* **WORK ITEM**:
Write out the listing from the line with "Les Energy Services" to the line with "Scarpe da sposa", both lines included, exactly and nothing beyond. Leave pictures out.

* **DATASET ENTRIES**:
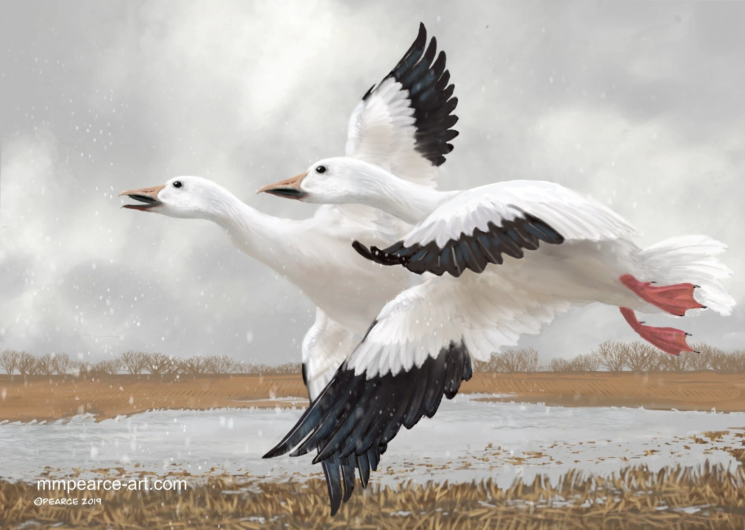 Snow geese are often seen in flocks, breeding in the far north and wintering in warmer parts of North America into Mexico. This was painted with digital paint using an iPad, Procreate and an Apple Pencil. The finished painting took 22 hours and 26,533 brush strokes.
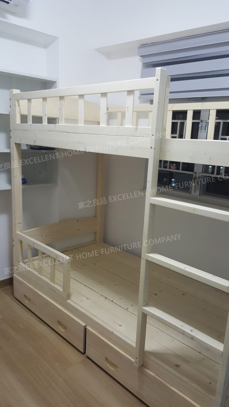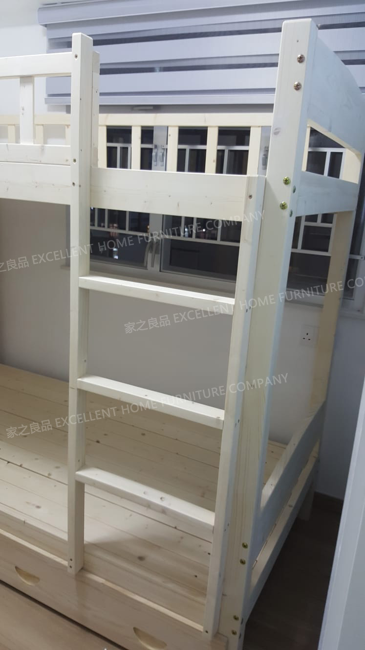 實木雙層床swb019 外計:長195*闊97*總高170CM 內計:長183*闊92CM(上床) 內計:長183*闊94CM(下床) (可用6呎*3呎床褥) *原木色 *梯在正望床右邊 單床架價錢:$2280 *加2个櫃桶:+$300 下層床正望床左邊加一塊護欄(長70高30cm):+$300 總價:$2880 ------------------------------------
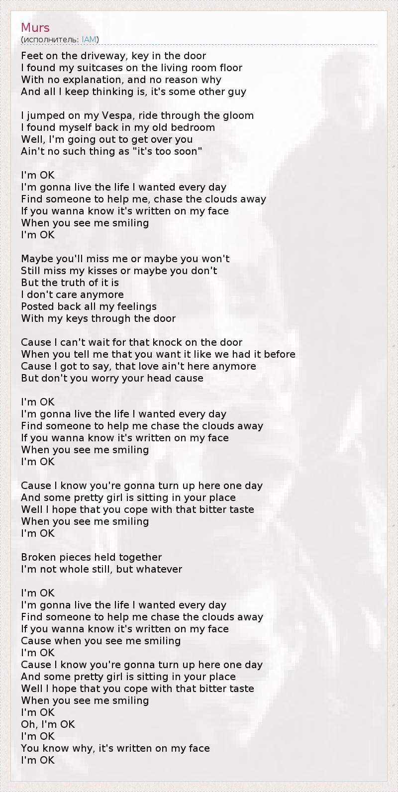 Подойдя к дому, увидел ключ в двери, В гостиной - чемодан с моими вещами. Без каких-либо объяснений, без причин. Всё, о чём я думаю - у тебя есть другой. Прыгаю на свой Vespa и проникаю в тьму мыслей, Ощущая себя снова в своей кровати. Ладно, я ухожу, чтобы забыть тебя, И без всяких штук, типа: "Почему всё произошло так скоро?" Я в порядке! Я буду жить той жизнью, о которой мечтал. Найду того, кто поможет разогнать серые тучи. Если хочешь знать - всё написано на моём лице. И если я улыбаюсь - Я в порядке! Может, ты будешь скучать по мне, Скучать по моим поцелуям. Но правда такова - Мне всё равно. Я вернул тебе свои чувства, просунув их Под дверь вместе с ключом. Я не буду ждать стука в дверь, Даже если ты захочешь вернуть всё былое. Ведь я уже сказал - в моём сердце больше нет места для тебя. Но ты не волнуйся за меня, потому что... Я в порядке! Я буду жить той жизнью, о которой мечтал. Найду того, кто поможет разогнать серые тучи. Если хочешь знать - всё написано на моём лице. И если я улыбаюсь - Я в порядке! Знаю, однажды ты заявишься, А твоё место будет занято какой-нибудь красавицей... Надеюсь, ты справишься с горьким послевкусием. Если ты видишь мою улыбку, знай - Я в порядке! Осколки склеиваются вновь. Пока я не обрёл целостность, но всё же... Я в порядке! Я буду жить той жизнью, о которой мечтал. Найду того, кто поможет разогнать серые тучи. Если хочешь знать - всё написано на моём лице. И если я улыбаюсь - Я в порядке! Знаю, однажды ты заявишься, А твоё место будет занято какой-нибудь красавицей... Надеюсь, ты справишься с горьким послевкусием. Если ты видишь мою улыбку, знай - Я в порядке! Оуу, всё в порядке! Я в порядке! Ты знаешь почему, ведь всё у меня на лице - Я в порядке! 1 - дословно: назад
---
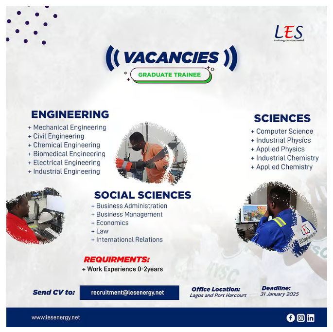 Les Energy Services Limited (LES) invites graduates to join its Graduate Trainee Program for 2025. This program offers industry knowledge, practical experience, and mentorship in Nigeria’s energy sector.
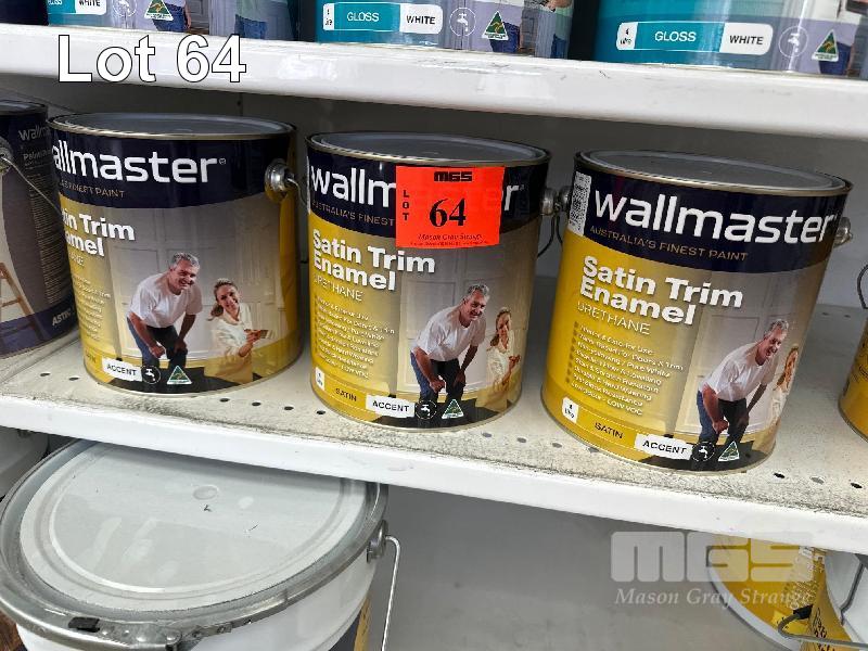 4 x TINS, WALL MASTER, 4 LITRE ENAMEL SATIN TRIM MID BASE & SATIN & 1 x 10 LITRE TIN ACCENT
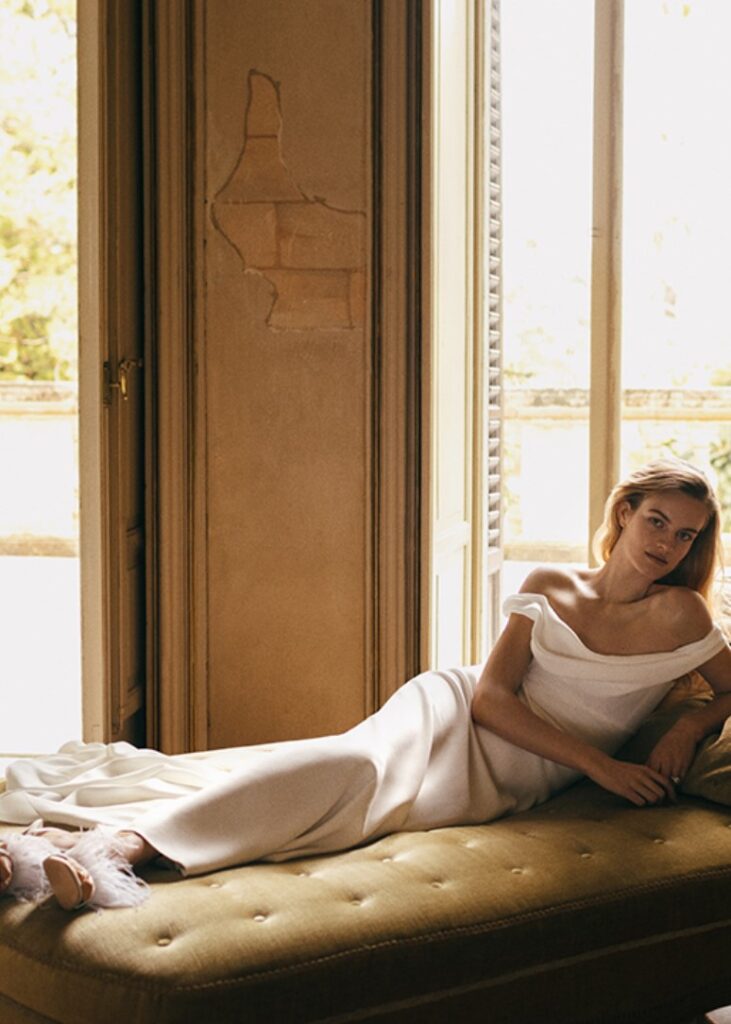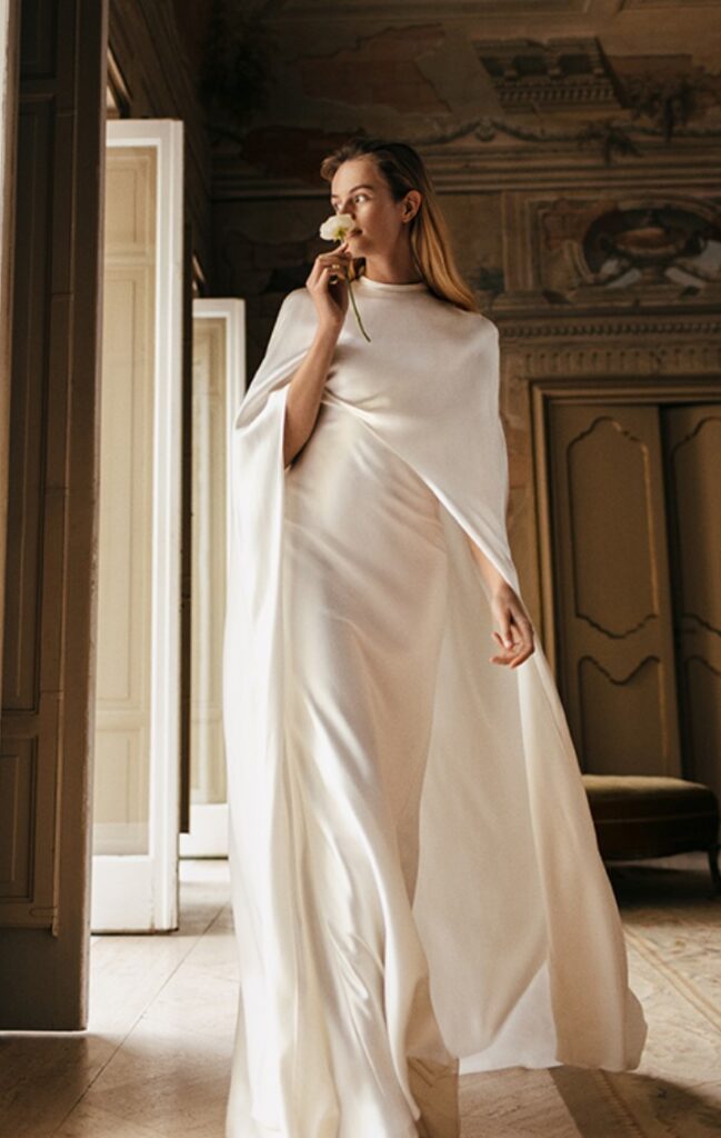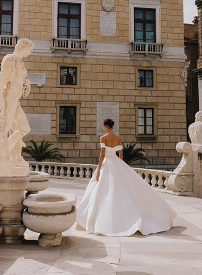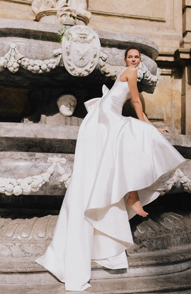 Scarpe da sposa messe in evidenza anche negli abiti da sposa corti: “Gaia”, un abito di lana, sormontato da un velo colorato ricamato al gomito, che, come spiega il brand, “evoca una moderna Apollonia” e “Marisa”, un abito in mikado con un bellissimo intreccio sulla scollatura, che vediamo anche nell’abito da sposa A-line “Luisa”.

* **FINISHED EXERCISE**:
 Les Energy Services Limited (LES) invites graduates to join its Graduate Trainee Program for 2025. This program offers industry knowledge, practical experience, and mentorship in Nigeria’s energy sector.
 4 x TINS, WALL MASTER, 4 LITRE ENAMEL SATIN TRIM MID BASE & SATIN & 1 x 10 LITRE TIN ACCENT
 Scarpe da sposa messe in evidenza anche negli abiti da sposa corti: “Gaia”, un abito di lana, sormontato da un velo colorato ricamato al gomito, che, come spiega il brand, “evoca una moderna Apollonia” e “Marisa”, un abito in mikado con un bellissimo intreccio sulla scollatura, che vediamo anche nell’abito da sposa A-line “Luisa”.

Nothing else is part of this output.